There may have been some overlap in patients with the same patients included in more than one published study that was included in this meta-analysis. The clinical evaluator noted that control for bias in the Gluud meta-analysis was unclear.

Safety

The most frequent reasons for withdrawal were lack of efficacy (21.4% terlipressin versus 38.2% placebo); liver transplant (10.7% versus 9.1%) and death on treatment (10.7% terlipressin versus 5.5% placebo). In TAHRS the most frequent causes were lack of efficacy (4.3% for terlipressin versus 11% for placebo) and death on treatment (21.7% for terlipressin versus 13.0% for placebo).

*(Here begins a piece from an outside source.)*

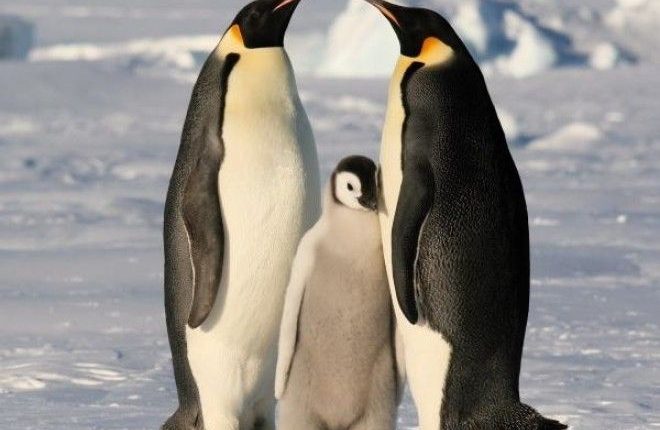Эти птицы сохраняют тепло в своих сердцах в суровых условиях Антарктиды. Они создают семейные пары на долгие годы. Мама и папа по очереди высиживают яйца и кормят малышей.

In Study OT-0401 the incidence of adverse events and serious adverse events were similar in terlipressin and placebo groups but serious events and events considered treatment related were more frequent in the terlipressin group (treatment related AEs 32% versus 22% placebo; serious treatment related AEs 9% versus 2% placebo). In TAHRS adverse events were more frequently reported in patients given terlipressin (91% versus 71% placebo) as were events considered serious and/or treatment related. A much higher incidence of adverse events were considered treatment related in patients given in TAHRS compared with 0401 (32.1% for terlipressin in 0401 versus 78.3% in TAHRS) and treatment related and serious (8.9% for terlipressin in 0401 versus 56.5% in TAHRS).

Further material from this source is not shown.